Sometimes it gets really mad at me, right?
And she denounces me.
And so she's never going to talk to me.
And then she'll start writing me letters again.
And so the story of my friendship with her was one of the more fun things I've ever worked on.
That is really interesting.
It was a crazy story.
I could only write it after she had died, but I published that in the New York or maybe 10 years ago.
That's a great one, too.
Yeah.
Tell me one more.
I wrote a really interesting story at the end of my time at Wired.
and I loved to hike
and I had heard about a guy
who had hiked on the Appalachian Trail
and he had been hiking for months
and he'd hike from New York to Florida
and then he'd been found dead in a tent
emaciated in a tent
and no one knew who he was
and so I wrote the first story
and everybody in the trail knew his name was mostly harmless
but he'd used cash when he'd bought things to the stores
he'd never revealed his own name
and so I published the story
and I was like look this will be in Wired
and like someone will know he is
like someone had called me
because on the trail he had said he was a coder
right he had told somebody he was an engineer
and like all these people were looking for him
and so I published the story in Wired
and millions of people read it
and no one knows who he is
and no one can figure it out
and so I start getting all these tips
these Facebook groups are formed
and there's like hundreds of people
going through every clue and like looking at photographs
and like they do DNA analysis
to try to trace his like
trace his relatives and like can they figure out
like where he's from
So then the DNA analysis reveals that he's, like, from a family in Louisiana.
So I start buying ads on Facebook in Louisiana driving to my story so that people will read it and identify who this guy might be.
And then, like, finally, after, like, months of tips and red herrings and craziness and all these hunters, like someone is like, wait, that's my old friend, Vance.
And it turns out it's this guy named Vance Rodriguez who had been estranged from his parents, so they weren't looking for him.
him.
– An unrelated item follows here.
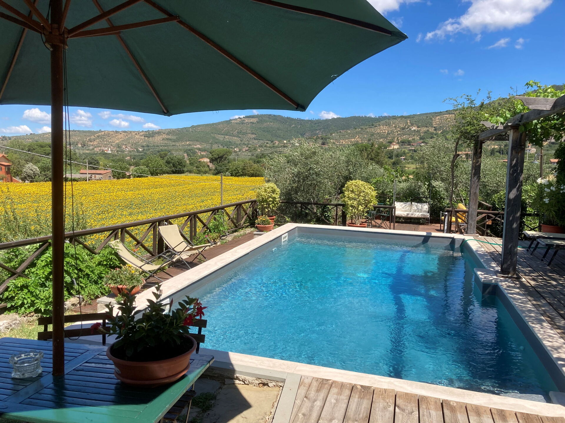 I had planned a celebration with 10 friends and family coming from all over the US to Tuscany, so I was understandably anxious about everything going well at a place I'd never seen. All my dreams came true, as not only was the location as described and pictured in the Vrbo listing, the property owner could not have done a better job. The reality exceeded the pictures and the location (5 min drive from Cortona as well as the Camucia-Cortona train station, which came in really handy) turned out to be perfect. I could go on for days about how happy I was with this property - suffice to say that if you are planning a large group gathering in Tuscany, you will NOT be disappointed with Il Sole del Sodo!!

Like, no one was looking for him. He'd, like, been cruel. He's, like, kind of a bad guy. He'd, like, been cruel to his girlfriend. And so he had disappeared to start over, and no one cared, right? No one was looking for him. It's a kind of a sad story. But then he turned himself into this, like, saintly character on the trail who everybody loves. So it's this, like, missed opportunity of total reinvention where this guy who is a dark force in life becomes this beloved character. This is why so many people are hunting for him because they're in love with him. He's, like, this very handsome, like, wonderful guy.
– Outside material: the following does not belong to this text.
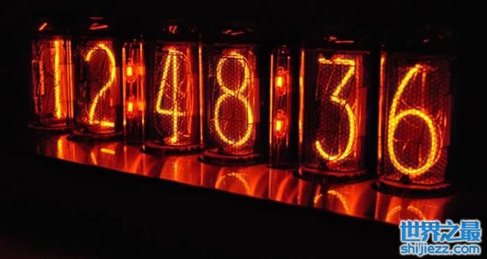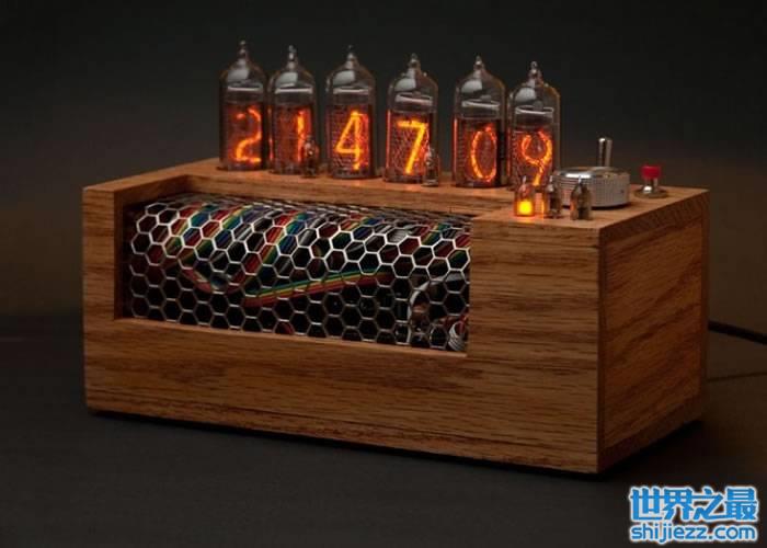 Nixie Clock以真空管内的发光金属线圈显示时间。

And then it's revealed that he, like, kind of beats up his girlfriends and is cruel.
And so it's like this incredible, like, cognitive dissonance that all these people have
when they realize, wait, the guy they were hunting for isn't Prince Charmy.
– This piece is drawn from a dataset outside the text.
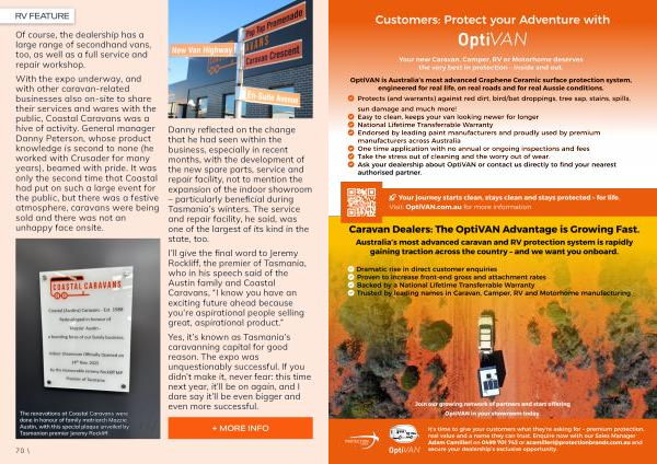 I’ ll give the final word to Jeremy Rockliff, the premier of Tasmania, who in his speech said of the Austin family and Coastal Caravans,“ I know you have an exciting future ahead because you’ re aspirational people selling great, aspirational product.”

And so I wrote the first story, it's called The Search for Mostly Harmless,
and then the second story about his life.
So those were two of the last stories I wrote It Wired.
I think that's so exciting. I love that.
That's so interesting.
Yeah, it's a pretty interesting tale.
Yeah.
I love this.
Well, thank you for being.
Listen, I think this, I had a great time talking.
to you. So thank you. That was so much fun. It's amazing. It's great. So much fun. And good luck
with this book. I'm sure it's a really nice read. And you guys have to check it out
The Running Ground by Nicholas Thompson. Thank you so much. Thank you so much.